# [Task requirements]
Your copy should contain exactly the lines from the one that holds "La Moneda siendo" through the end of the material, reproduced as written, with no pictures.

# [Data shown]
== == ==

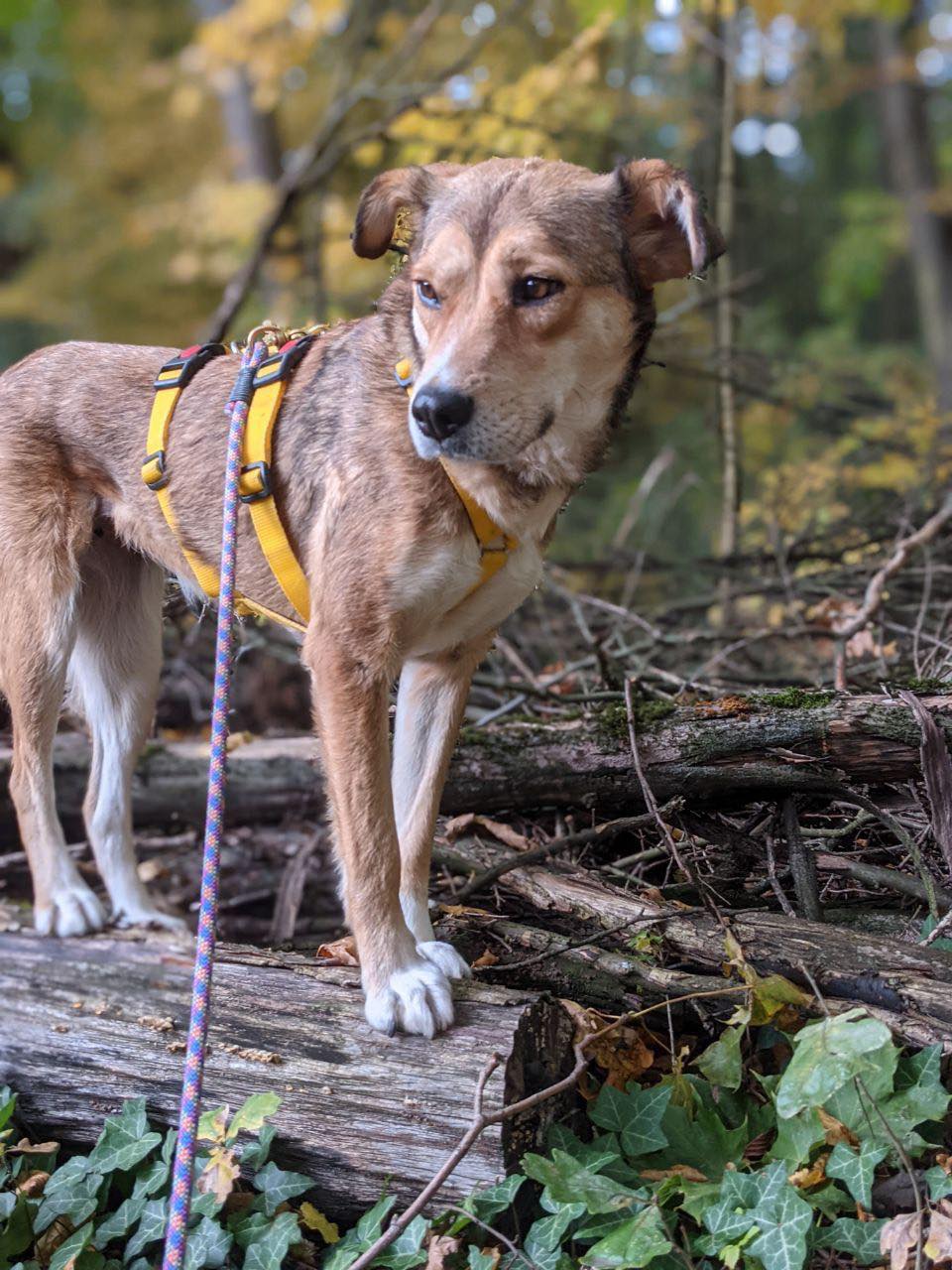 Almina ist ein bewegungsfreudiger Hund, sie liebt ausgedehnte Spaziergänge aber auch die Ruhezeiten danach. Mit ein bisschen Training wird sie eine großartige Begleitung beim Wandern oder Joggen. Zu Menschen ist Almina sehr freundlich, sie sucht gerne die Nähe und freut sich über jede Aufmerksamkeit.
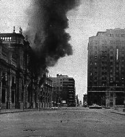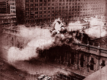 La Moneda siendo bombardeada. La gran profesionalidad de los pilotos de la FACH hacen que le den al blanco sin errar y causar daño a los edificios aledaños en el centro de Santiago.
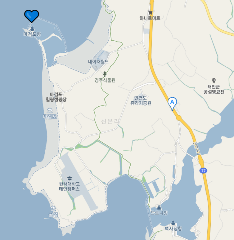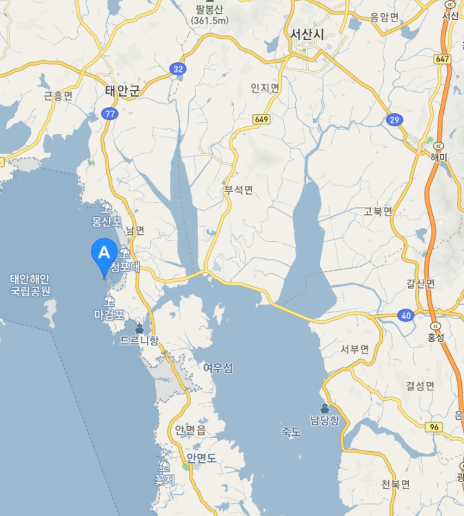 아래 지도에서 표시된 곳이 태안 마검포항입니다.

== == ==

# [Written answer]
 La Moneda siendo bombardeada. La gran profesionalidad de los pilotos de la FACH hacen que le den al blanco sin errar y causar daño a los edificios aledaños en el centro de Santiago.
 아래 지도에서 표시된 곳이 태안 마검포항입니다.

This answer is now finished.